Data section:
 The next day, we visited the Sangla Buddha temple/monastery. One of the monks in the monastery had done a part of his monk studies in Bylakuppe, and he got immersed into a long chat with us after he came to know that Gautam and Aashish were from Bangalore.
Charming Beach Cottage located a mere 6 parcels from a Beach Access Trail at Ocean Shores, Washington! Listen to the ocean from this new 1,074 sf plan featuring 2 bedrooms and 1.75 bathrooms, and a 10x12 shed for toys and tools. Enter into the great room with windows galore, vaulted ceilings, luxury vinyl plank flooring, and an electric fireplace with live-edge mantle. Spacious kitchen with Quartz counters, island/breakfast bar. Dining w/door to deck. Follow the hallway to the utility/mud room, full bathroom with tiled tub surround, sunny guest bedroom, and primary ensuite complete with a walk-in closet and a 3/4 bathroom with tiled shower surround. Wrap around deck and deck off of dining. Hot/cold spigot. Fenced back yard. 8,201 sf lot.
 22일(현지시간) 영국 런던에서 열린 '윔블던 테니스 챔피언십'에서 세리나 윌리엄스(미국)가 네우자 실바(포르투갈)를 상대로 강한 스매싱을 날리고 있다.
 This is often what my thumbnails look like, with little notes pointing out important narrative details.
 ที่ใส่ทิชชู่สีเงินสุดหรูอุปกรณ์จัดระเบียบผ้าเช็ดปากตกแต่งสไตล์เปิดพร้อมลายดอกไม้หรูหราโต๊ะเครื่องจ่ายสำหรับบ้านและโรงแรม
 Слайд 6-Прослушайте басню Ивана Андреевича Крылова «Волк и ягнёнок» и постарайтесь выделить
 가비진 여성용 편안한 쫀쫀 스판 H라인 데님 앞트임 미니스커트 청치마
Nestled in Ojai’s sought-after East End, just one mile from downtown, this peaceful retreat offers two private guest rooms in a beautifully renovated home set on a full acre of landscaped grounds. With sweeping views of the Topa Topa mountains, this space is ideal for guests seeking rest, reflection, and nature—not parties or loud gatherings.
--
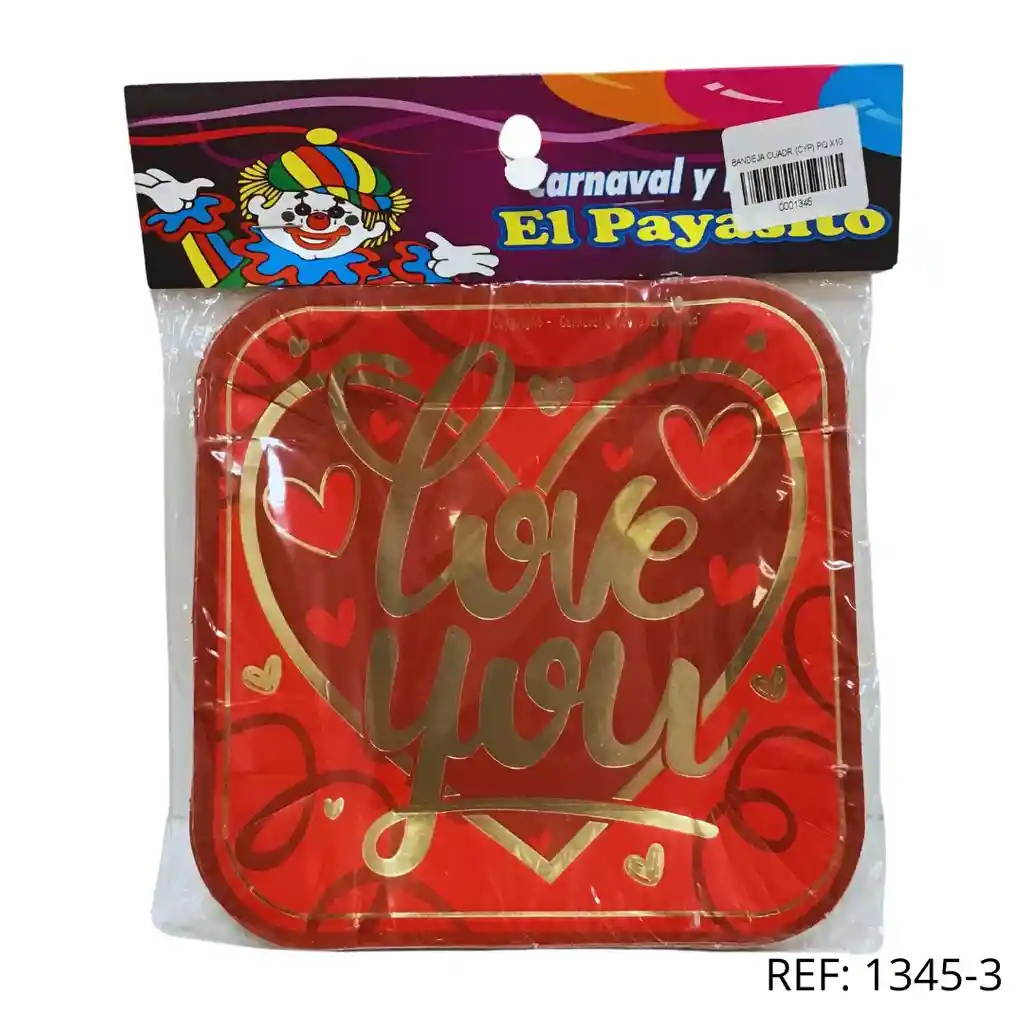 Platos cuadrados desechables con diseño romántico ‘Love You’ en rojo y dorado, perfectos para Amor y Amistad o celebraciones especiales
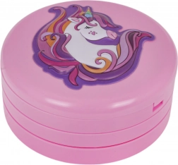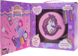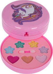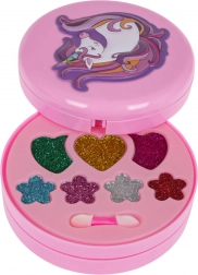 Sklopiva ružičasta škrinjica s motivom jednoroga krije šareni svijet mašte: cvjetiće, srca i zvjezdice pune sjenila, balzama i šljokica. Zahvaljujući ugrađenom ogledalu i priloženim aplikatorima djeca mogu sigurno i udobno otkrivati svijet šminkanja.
==
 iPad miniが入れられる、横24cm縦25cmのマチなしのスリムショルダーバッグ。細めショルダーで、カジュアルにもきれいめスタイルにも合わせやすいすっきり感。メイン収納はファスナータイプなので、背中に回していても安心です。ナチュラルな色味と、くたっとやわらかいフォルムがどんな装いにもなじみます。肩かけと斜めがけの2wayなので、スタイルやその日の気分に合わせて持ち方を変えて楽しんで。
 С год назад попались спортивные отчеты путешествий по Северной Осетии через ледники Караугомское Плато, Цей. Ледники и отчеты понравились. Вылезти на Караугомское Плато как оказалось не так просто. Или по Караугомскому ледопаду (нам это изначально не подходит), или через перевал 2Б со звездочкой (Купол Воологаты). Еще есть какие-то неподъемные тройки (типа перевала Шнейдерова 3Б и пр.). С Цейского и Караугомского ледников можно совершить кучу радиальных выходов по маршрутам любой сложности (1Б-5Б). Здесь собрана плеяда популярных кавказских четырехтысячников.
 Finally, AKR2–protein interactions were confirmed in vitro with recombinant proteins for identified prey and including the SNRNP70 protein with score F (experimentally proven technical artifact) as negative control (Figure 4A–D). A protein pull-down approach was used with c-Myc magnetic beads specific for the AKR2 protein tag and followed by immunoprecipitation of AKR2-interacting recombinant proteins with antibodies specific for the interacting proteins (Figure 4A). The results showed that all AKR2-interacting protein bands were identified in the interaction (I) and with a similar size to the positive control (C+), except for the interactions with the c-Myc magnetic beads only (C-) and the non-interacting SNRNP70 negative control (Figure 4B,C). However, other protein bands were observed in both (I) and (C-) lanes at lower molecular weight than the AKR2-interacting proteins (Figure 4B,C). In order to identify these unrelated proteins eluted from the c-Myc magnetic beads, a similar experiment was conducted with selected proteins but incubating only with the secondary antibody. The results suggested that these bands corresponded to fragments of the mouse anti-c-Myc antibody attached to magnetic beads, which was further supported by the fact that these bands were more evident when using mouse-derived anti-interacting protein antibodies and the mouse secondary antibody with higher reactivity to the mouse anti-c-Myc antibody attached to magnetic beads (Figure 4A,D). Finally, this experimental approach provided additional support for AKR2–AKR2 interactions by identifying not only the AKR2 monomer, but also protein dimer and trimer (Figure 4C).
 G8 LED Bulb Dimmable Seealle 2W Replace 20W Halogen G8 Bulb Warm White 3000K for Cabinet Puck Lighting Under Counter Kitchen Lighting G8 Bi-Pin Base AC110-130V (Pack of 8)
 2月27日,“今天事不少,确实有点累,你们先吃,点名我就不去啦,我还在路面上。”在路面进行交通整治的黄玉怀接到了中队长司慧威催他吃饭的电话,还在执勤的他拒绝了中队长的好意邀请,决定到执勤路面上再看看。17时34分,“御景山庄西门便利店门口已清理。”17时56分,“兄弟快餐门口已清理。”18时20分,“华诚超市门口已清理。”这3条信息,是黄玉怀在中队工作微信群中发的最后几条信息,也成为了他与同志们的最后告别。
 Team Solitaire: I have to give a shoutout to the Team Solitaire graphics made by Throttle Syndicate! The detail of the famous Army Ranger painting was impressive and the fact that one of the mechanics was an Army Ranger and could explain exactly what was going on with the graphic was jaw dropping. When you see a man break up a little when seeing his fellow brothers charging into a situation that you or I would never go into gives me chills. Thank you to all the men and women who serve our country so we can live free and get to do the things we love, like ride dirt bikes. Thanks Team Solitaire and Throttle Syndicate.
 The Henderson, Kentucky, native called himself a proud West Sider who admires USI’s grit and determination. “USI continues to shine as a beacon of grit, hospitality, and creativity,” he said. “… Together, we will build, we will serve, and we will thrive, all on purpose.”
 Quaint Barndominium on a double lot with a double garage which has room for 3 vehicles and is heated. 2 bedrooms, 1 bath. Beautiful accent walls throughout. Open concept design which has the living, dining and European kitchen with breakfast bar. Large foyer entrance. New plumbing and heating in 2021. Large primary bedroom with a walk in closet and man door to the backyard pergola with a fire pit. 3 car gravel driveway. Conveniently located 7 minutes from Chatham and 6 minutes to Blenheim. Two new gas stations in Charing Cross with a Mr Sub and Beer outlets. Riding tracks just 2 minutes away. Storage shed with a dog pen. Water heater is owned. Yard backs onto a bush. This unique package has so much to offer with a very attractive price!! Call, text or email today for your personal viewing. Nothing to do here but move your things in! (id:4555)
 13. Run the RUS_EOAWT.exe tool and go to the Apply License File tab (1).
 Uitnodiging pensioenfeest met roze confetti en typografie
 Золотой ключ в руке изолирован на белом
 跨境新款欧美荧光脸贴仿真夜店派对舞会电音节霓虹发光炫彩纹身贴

Your goal: The required answer is the run of lines above, starting at the line with "This is often" and ending at the line with "ที่ใส่ทิชชู่สี", reproduced exactly with both ends.

Response:
 This is often what my thumbnails look like, with little notes pointing out important narrative details.
 ที่ใส่ทิชชู่สีเงินสุดหรูอุปกรณ์จัดระเบียบผ้าเช็ดปากตกแต่งสไตล์เปิดพร้อมลายดอกไม้หรูหราโต๊ะเครื่องจ่ายสำหรับบ้านและโรงแรม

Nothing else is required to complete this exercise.